## What to produce:
Please write out exactly the lines of the data below from the line holding "Botilito blanco para" through the line holding "为进一步提高我院师生员工预防", and leave out the rest.

(Data items)
-----

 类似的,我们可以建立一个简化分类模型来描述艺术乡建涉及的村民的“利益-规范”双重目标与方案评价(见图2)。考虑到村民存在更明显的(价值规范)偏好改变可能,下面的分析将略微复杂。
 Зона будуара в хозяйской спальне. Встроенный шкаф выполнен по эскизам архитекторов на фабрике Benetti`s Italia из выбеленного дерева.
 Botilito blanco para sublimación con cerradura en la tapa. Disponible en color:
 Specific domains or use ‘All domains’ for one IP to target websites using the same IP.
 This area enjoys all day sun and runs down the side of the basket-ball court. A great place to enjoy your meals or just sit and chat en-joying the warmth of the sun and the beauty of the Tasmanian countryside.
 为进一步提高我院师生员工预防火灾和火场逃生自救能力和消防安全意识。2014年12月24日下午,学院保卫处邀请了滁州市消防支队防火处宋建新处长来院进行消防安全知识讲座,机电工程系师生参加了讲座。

-----

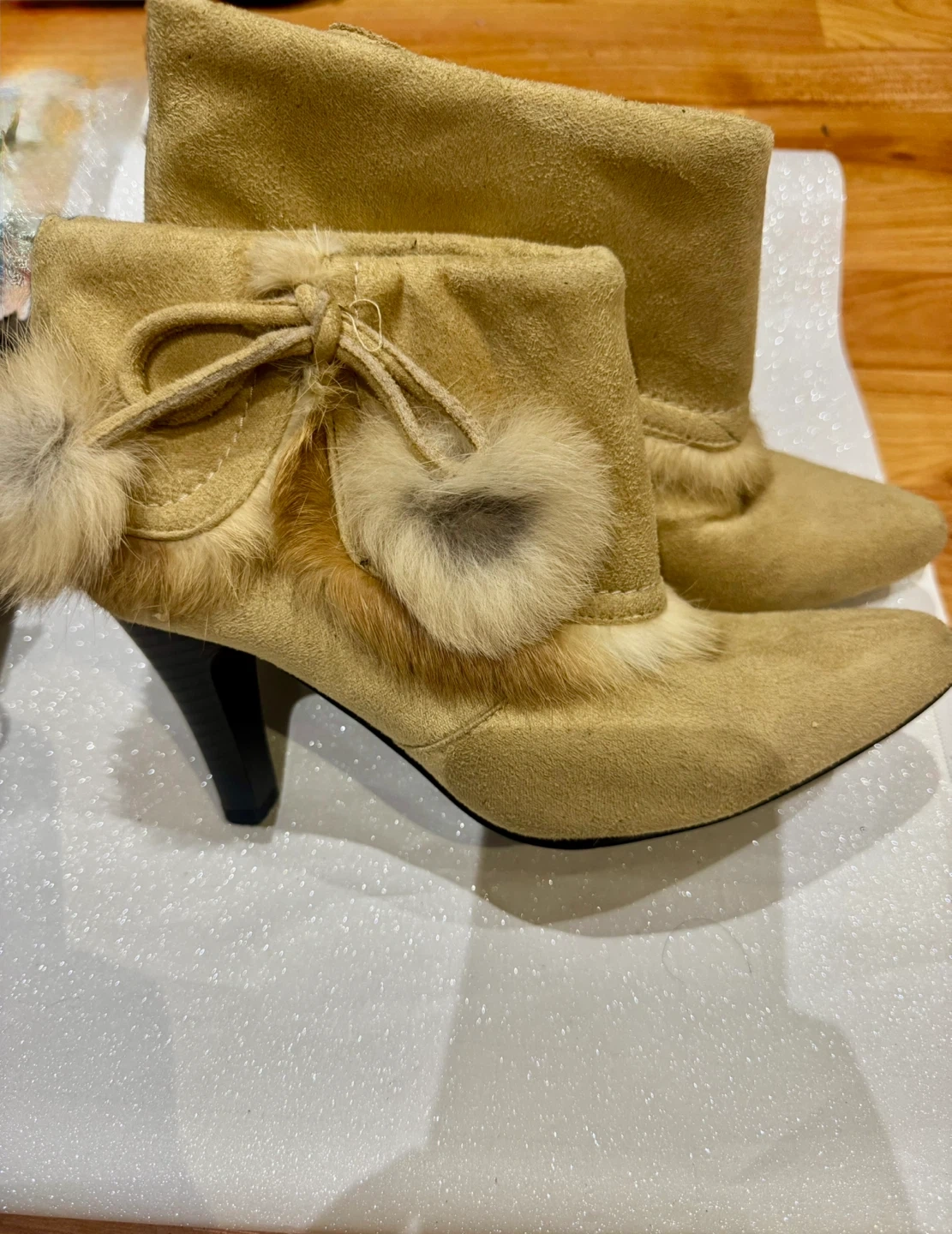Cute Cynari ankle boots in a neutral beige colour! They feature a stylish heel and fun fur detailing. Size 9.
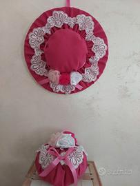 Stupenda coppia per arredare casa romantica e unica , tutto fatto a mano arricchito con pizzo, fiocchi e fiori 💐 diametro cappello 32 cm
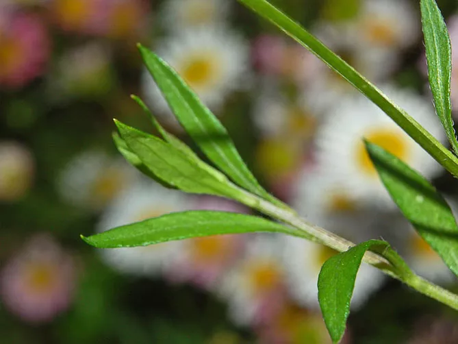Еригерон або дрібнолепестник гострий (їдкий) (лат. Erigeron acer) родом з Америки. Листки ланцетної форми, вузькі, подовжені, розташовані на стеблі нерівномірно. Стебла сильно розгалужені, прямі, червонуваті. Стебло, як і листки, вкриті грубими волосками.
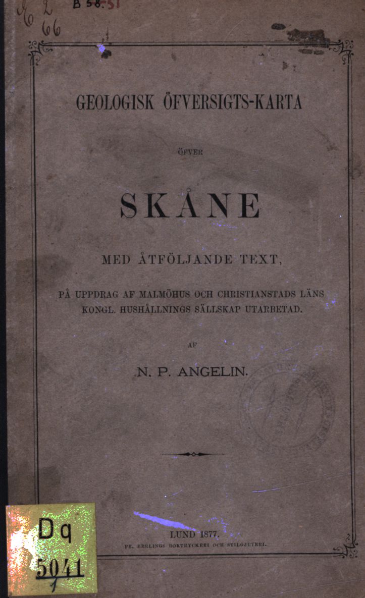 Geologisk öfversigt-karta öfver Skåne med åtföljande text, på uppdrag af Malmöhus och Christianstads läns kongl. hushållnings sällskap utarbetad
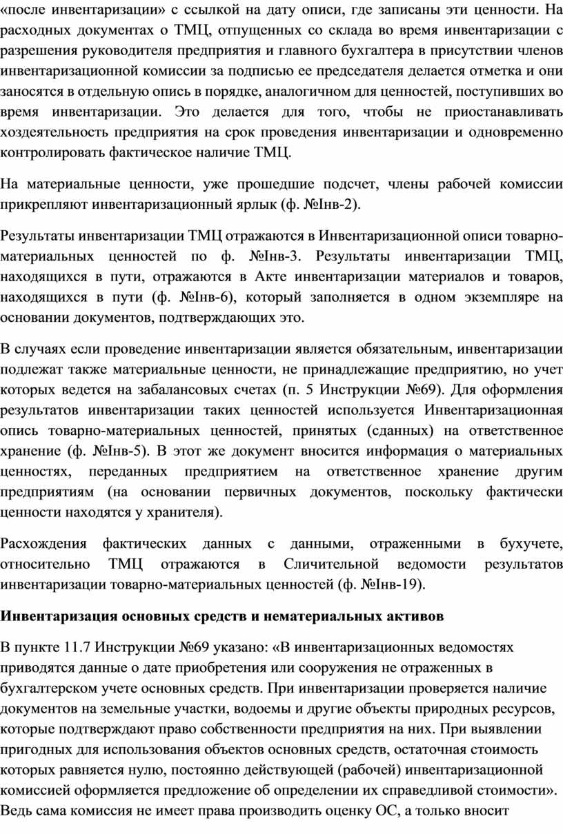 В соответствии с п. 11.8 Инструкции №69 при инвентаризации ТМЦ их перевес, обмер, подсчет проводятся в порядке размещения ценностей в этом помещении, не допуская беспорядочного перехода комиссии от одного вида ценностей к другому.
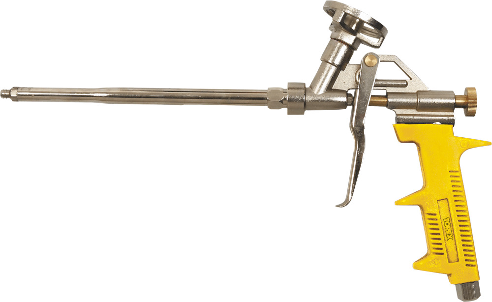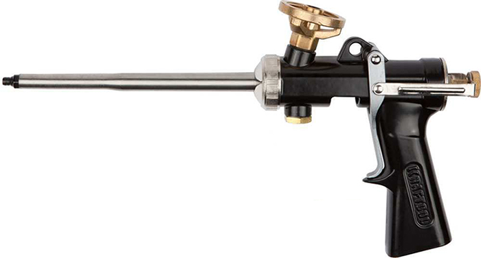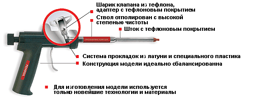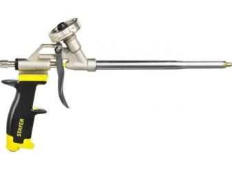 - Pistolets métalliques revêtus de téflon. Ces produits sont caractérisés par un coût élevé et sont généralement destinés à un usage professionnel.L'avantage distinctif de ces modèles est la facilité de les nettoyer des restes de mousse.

-----

## Final answer:
 Botilito blanco para sublimación con cerradura en la tapa. Disponible en color:
 Specific domains or use ‘All domains’ for one IP to target websites using the same IP.
 This area enjoys all day sun and runs down the side of the basket-ball court. A great place to enjoy your meals or just sit and chat en-joying the warmth of the sun and the beauty of the Tasmanian countryside.
 为进一步提高我院师生员工预防火灾和火场逃生自救能力和消防安全意识。2014年12月24日下午,学院保卫处邀请了滁州市消防支队防火处宋建新处长来院进行消防安全知识讲座,机电工程系师生参加了讲座。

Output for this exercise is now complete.